Raw data =
*** Begin section ***

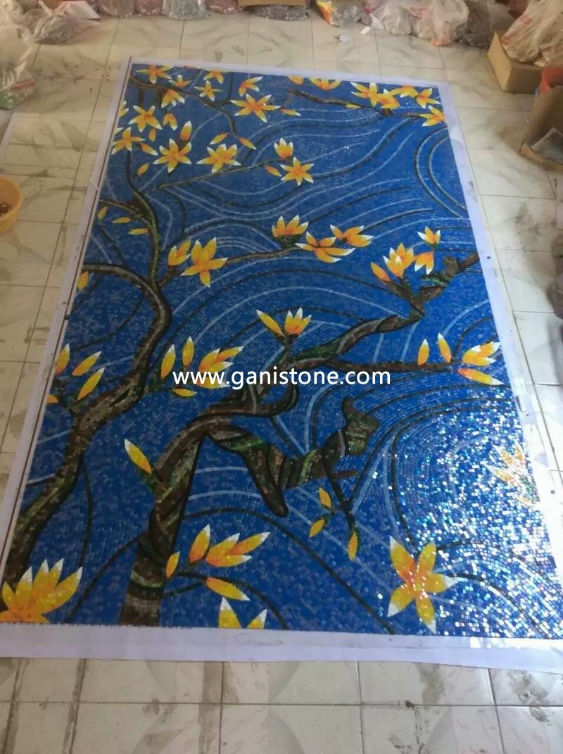 • Product description: The glass mosaic mural are hand cut by artist and it can also be customized by our client. Send us drawing or picture for the pattern you would like to achieve and we’ll make it for you.
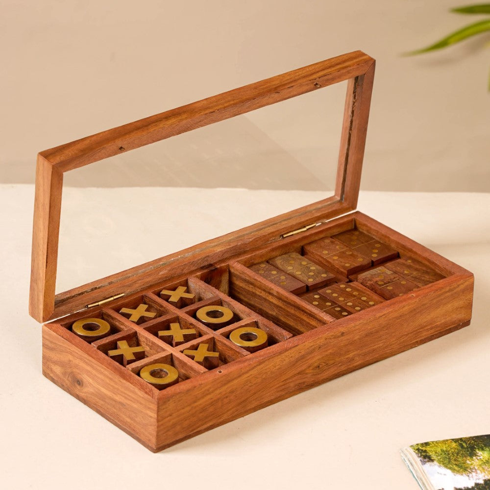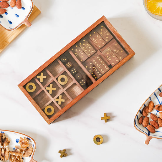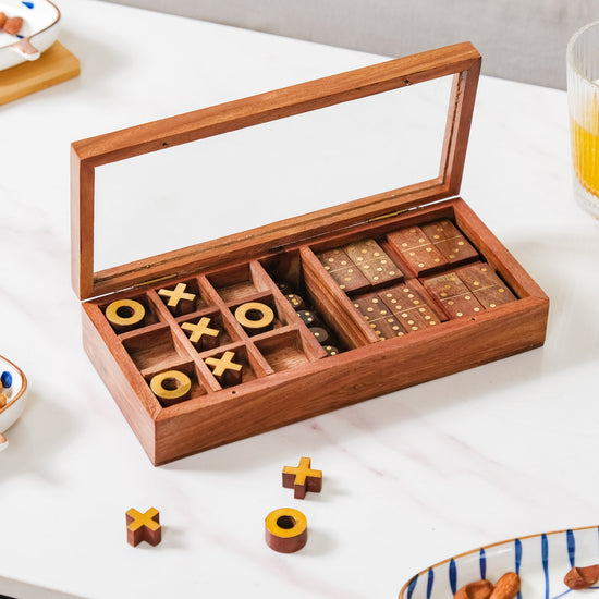 The Multi-Game Box offers a trio of classic games: Tic Tac Toe, wooden dominoes, and wooden dice. These timeless games are thoughtfully selected to provide versatile entertainment options that cater to various preferences, making the box an all-in-one solution for a range of gaming experiences.
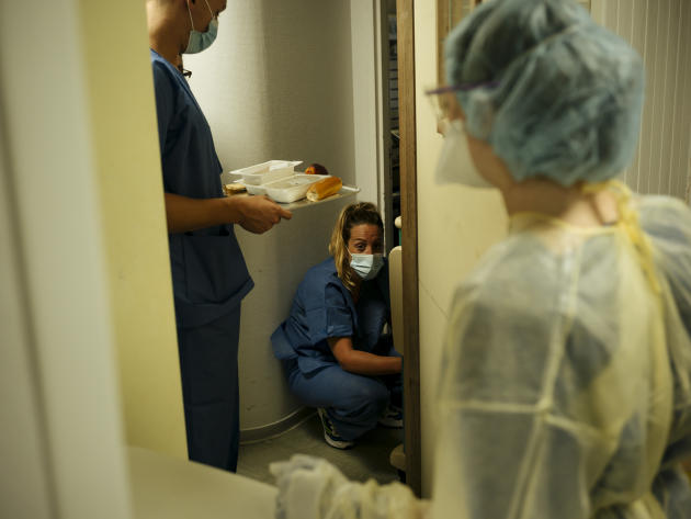 « Selon les agents qui ont connu les trois vagues précédentes – qui avaient, au début, touché la Corse-du-Sud –, ça y est, on est vraiment frappé par le Covid à Bastia. Il y a une grande intensité, que nous n’avions pas rencontrée jusque-là », relève Isabelle Luciani, cadre de santé. Alors que la vague épidémique s’installe, l’épuisement gagne les soignants. « Il y a la fatigue, la chaleur, les blouses qu’on enfile et puis le ras-le-bol, car cela ne finit plus », liste Cindy, confrontée comme ses collègues au quotidien à l’angoisse, à la peur des patients qui « racontent leur histoire » à ces soignants « dont ils ne voient que les yeux ».
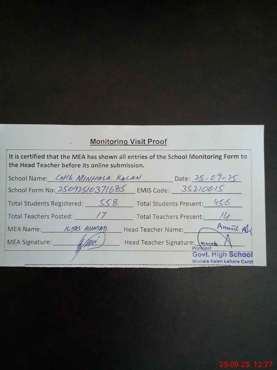 | Attendance Register | Head Teacher | MEA with School | Visit Proof |

*** End section ***

Directions for this task = Write the listing out in full, exactly; no images.

Finished exercise =
 • Product description: The glass mosaic mural are hand cut by artist and it can also be customized by our client. Send us drawing or picture for the pattern you would like to achieve and we’ll make it for you.
 The Multi-Game Box offers a trio of classic games: Tic Tac Toe, wooden dominoes, and wooden dice. These timeless games are thoughtfully selected to provide versatile entertainment options that cater to various preferences, making the box an all-in-one solution for a range of gaming experiences.
 « Selon les agents qui ont connu les trois vagues précédentes – qui avaient, au début, touché la Corse-du-Sud –, ça y est, on est vraiment frappé par le Covid à Bastia. Il y a une grande intensité, que nous n’avions pas rencontrée jusque-là », relève Isabelle Luciani, cadre de santé. Alors que la vague épidémique s’installe, l’épuisement gagne les soignants. « Il y a la fatigue, la chaleur, les blouses qu’on enfile et puis le ras-le-bol, car cela ne finit plus », liste Cindy, confrontée comme ses collègues au quotidien à l’angoisse, à la peur des patients qui « racontent leur histoire » à ces soignants « dont ils ne voient que les yeux ».
 | Attendance Register | Head Teacher | MEA with School | Visit Proof |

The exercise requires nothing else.